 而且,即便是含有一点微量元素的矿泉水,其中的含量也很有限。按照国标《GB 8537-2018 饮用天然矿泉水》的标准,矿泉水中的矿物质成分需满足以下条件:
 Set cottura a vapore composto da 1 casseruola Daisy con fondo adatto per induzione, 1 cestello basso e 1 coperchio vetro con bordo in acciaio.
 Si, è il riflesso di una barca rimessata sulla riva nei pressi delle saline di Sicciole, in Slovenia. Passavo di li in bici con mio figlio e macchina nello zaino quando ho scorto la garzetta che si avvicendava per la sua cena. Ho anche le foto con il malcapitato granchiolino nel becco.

==

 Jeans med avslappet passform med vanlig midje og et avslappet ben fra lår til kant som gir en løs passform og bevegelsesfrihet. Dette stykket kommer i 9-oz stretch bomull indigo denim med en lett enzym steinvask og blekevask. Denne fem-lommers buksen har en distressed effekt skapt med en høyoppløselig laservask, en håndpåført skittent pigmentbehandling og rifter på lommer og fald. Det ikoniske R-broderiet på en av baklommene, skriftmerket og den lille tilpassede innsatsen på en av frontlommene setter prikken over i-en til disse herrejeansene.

■ Directions
Return a word-for-word copy of the lines above from the one holding "Set cottura a" through the one holding "Si, è il riflesso", with both of them included and nothing besides.

■ Solution for this problem
 Set cottura a vapore composto da 1 casseruola Daisy con fondo adatto per induzione, 1 cestello basso e 1 coperchio vetro con bordo in acciaio.
 Si, è il riflesso di una barca rimessata sulla riva nei pressi delle saline di Sicciole, in Slovenia. Passavo di li in bici con mio figlio e macchina nello zaino quando ho scorto la garzetta che si avvicendava per la sua cena. Ho anche le foto con il malcapitato granchiolino nel becco.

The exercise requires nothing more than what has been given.